We’re starting a new series of blogs today. Something a bit different but, we hope, a lot more instructive (and interesting) than pieces about Colorado law or the intricacies of alimony calculations.
Our first post is about a business . . .
This happened about three years ago in a town in New England. A typical mill town, there’s many all over New England wherever there’s a good sized, decent moving river. Once booming, it was all downhill from the 1920s – the advent of air-conditioning and rise of cheap labor in the South quickly stripped away businesses that had been thriving since the Civil War. The final nails in the manufacturing coffin were the Great New England Hurricane of 1938 and a catastrophic flood in the mid-1950s.
By the 1970s this town was particularly hard hit and its downtown was mostly boarded up. There were no jobs and it’s too far from a city to commute for work. This was a town destined to be abandoned like an old gold rush town.
Then two brothers came along. In 1971 they bought a long track of property on one side of the river. They knocked down the ruins that were there and built a modern, 110,000 square foot wire manufacturing plant.
The business took off and quickly became the largest employer in the area since the Depression. Main Street woke up too, restaurants, bars, a movie theater, stores – even some chains – moved in.
The brothers expanded in 1988. This time the town gave them property on the opposite bank of the river and the brothers built a sister plant. The town voluntarily floated tax abatements, widened the roads for them, did everything they could to ensure the brothers were comfortable and unimpeded by bureaucracy.
The company flourished and the town came back. There were improvements, some of the old Victorians homes were restored, a state-of-the-art community college opened, old mills were turned into stores and condominiums.

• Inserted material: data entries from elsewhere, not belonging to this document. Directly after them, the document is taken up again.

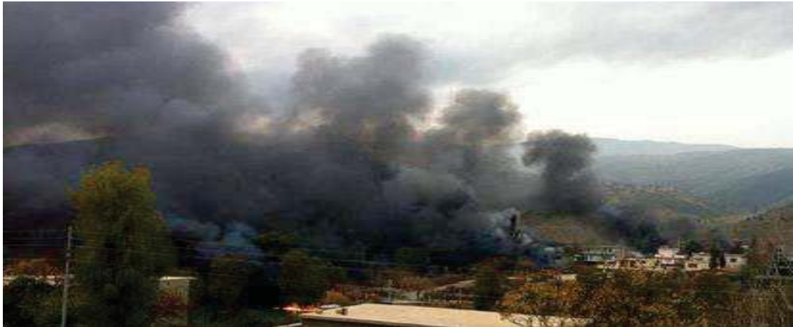
سەرچاوه: فەرھاد محمد، وەرگەرانی تەنكەرێك پووداویكى ھاتووچۆی لێدەكەوتیته وه،

http://www.awene.com/article/2014/01/15/29016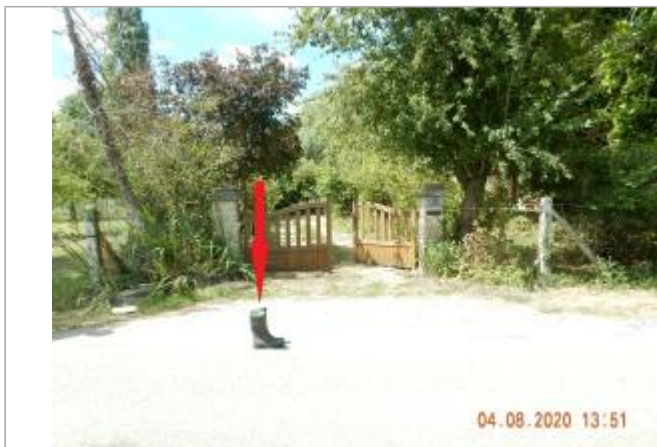
Route des Marais, devant le 2115.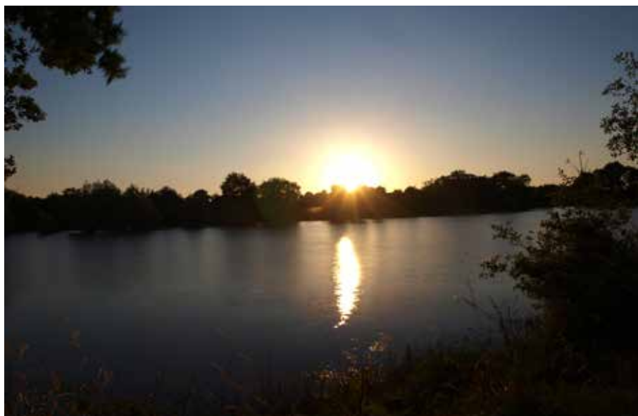
« Coucher de soleil sur le lac du Verdon » de Bruno Diguët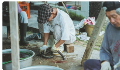
継承される島の営み：イラブー(海蛇)の燻製

久高島は、関わるほどに豊かさを感じられ、日々の暮らしの中に生きる知恵があふれている場所だと感じています。少しでも気になった方は、交流サイトやInstagramをのぞいてみてください。そして、「関わってみたい」と感じていただけたなら、その一歩を踏み出してもらえたら嬉しいです。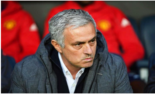
Fotografias O onze de sonho que Mourinho está a preparar para o Manchester United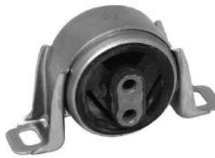
Código: 70172 Modelo: ESCORT Nº Original: 94AB-6B032-AB Soporte motor derecho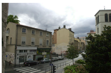
Elévation rue de la Guillotière. Vue d'ensemble depuis le sud-ouest. Etat en 2007 IVR82_20106903642NUCA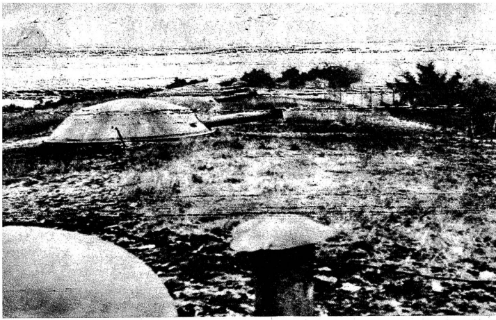
Eine Ironie des Krieges vermittelt uns dieses Funkbild. Die Deutschen umgingen 1940 die Maginotlinie, um dann die Geschütze durch eigene zu ersetzen. Jetzt feuern die Alliierten mit Krupp-Kanonen und erbeuteter deutscher Munition gegen Deutschland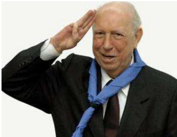
Vice Presidente José de Alencar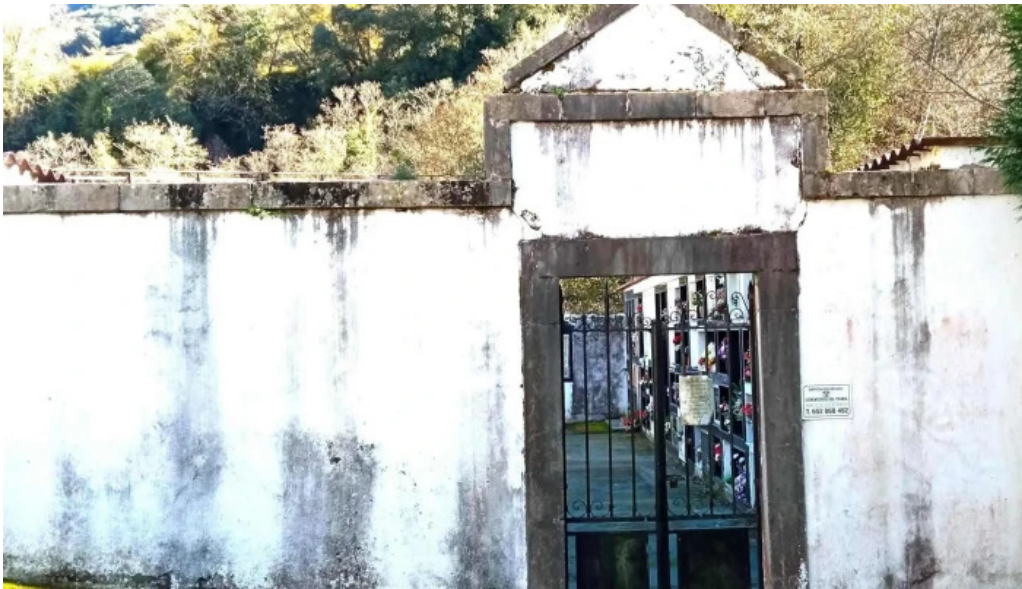
Iglesia de san romano catalogo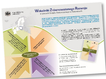
Ulotka „Wskaźniki Zrównoważonego Rozwoju w pracach Urzędu Statystycznego w Katowicach”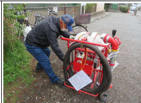
D級ポンプ点検の様子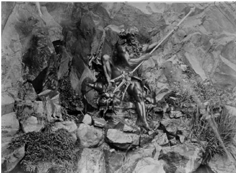
Figura 8. XII. Gruta de Neptuno.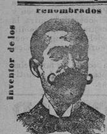
inventor de los medicamentos

Dirección Postal y Telefónica: A LAURIN, en León.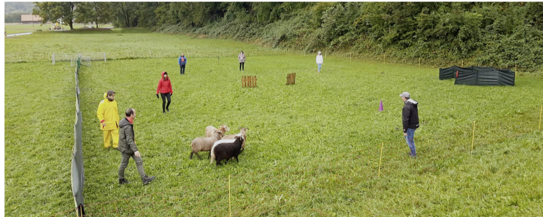
Les conseillers et conseillères en plein apprentissage. MAIRIE DE MEINIER

Cette année, Législatif, Exécutif et personnel communal se sont rendus aux confins du canton de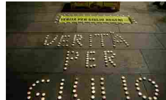
Egitto: 'Processo Regeni immotivato'. Ira dell'Italia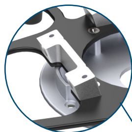
Blocs arrières et latéraux

Le Bracket Pro Serie® 25 - HD est testé en conformité avec la norme SAE J3043, la norme la plus rigoureuse de l'industrie pour le transport d'équipements médicaux.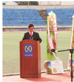
지역 발전 기여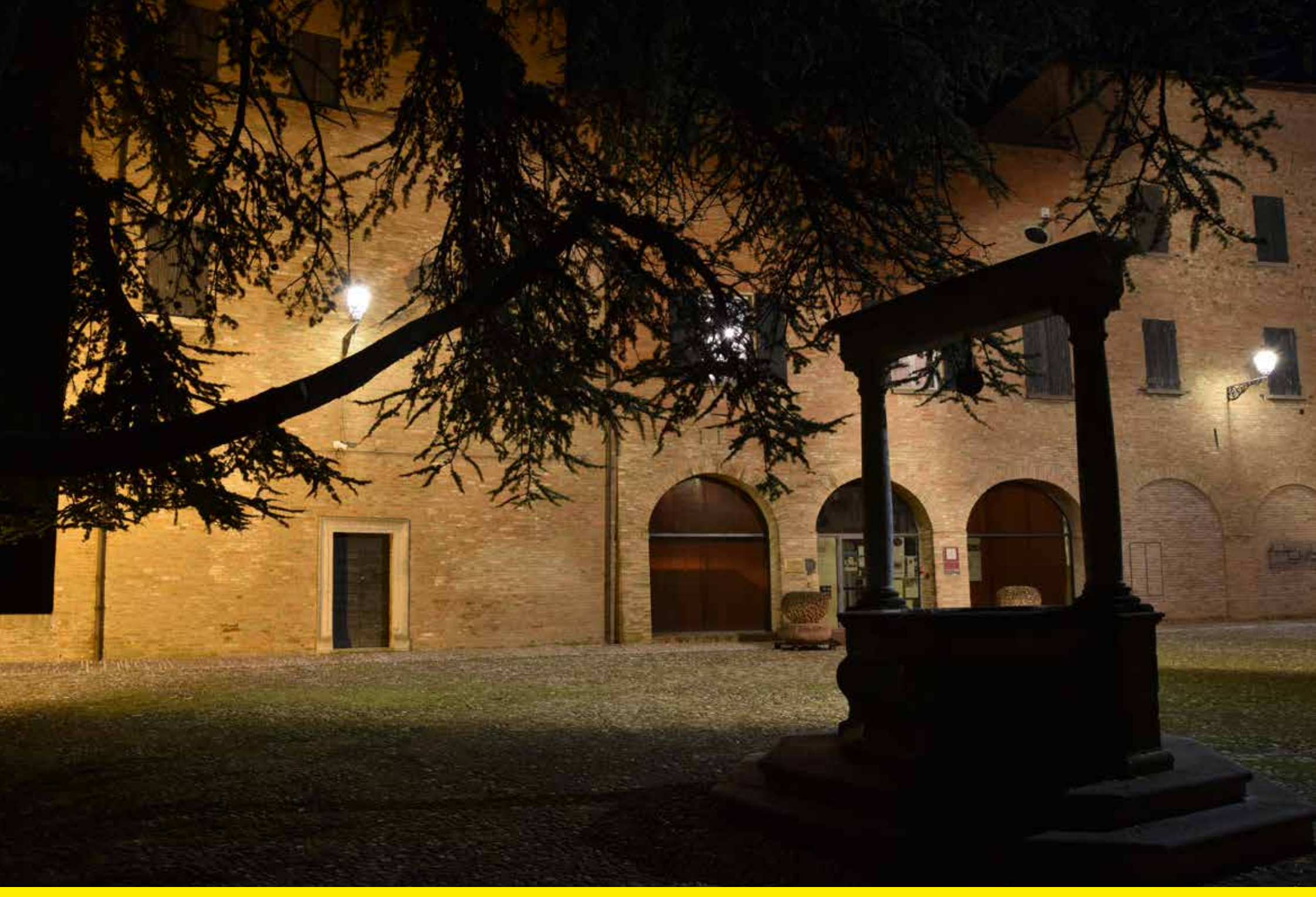
Longiano (Italy) | Refitting and lighting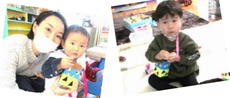
豆入れ制作 コロナに負けないぞ！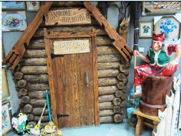
Музей-сказка «Бабуся-Ягуся» г.Владимир.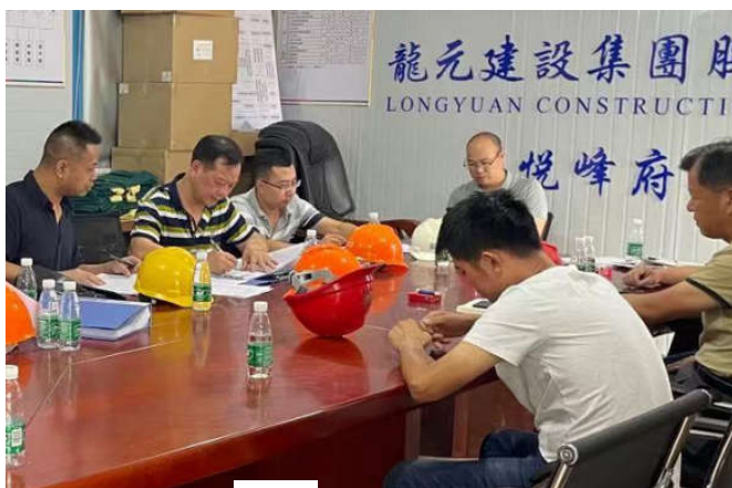
新会区住房城乡建设局检查“悦峰府项目 S1、地下车库悦峰府项目 1—4 号楼项目”

新会区住房城乡建设局对“悦峰府项目 S1、地下车库悦峰府项目 1-4 号楼项目”开展“两场联动”检查。检查发现：1. 未办理施工员、专职质量检验员和资料员变更手续；2. 未办理塔吊使用登机牌，未设置塔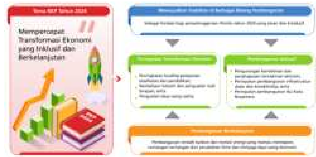
Gambar 3.1. Kerangka Pikir Tema RKP Tahun 2024

Tema RKP diarahkan untuk menjaga kesinambungan dan konsistensi pembangunan tahunan, serta sebagai upaya untuk membaurkan dinamika perubahan lingkungan yang terjadi secara tahunan ke dalam skenario pembangunan dalam RKP, dengan tetap memperhatikan koridor RPJMN. Untuk menjaga kesinambungan dan konsistensi antara pembangunan tahun 2023-2024, maka tema pembangunan RKP Tahun 2024 ditetapkan yaitu "Mempercepat Transformasi Ekonomi yang Inklusif dan Berkelanjutan". Secara visual, kerangka pikir tema dimaksud ditunjukkan sebagai berikut.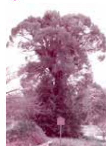
推定樹齢640年で県指定天然記念物。了誉上人が洞にこもった際、このシイの木の実を食べたと伝えられる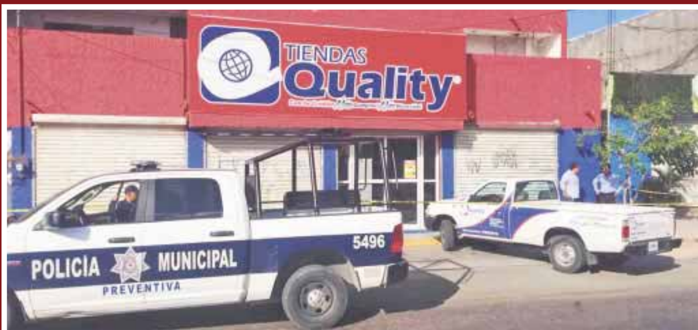
Fue atracada ayer a una tienda de artículos electrónicos en el centro de la ciudad.

Cancún.- Tres sujetos que portaban armas de fuego atracaron ayer a una tienda de artículos electrónicos, donde además maniataron a los empleados.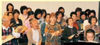
チケットは市民センター内の文化事業課 ☎32-2237などで販売します。全席自由1,000円。

市でも「第22回湘南ひらつか第九のつどい」を12月2日(日)午後2時から市民センターで開催。魅力

By 2010 or so, it looked like another expansion was in order, the brothers hired consultants to look for properties, held talks with the town, settled on a plant design, began training a new generation of employees.
Then, one of the brothers showed up late for work one day in early 2016. He had never been late before. When he finally wandered in around noon, he went straight to his brother’s office and told him he was done. Over. Wanted out. Now.
He had had it. He demanded to be bought out for the exact amount, down to the penny, of what half the business, property, contracts, company trucks and cars, goodwill were worth. He said his attorney would be in contact and he walked out. .
And that was it. No warning, no explanation, just a demand for his half of the business. In cash.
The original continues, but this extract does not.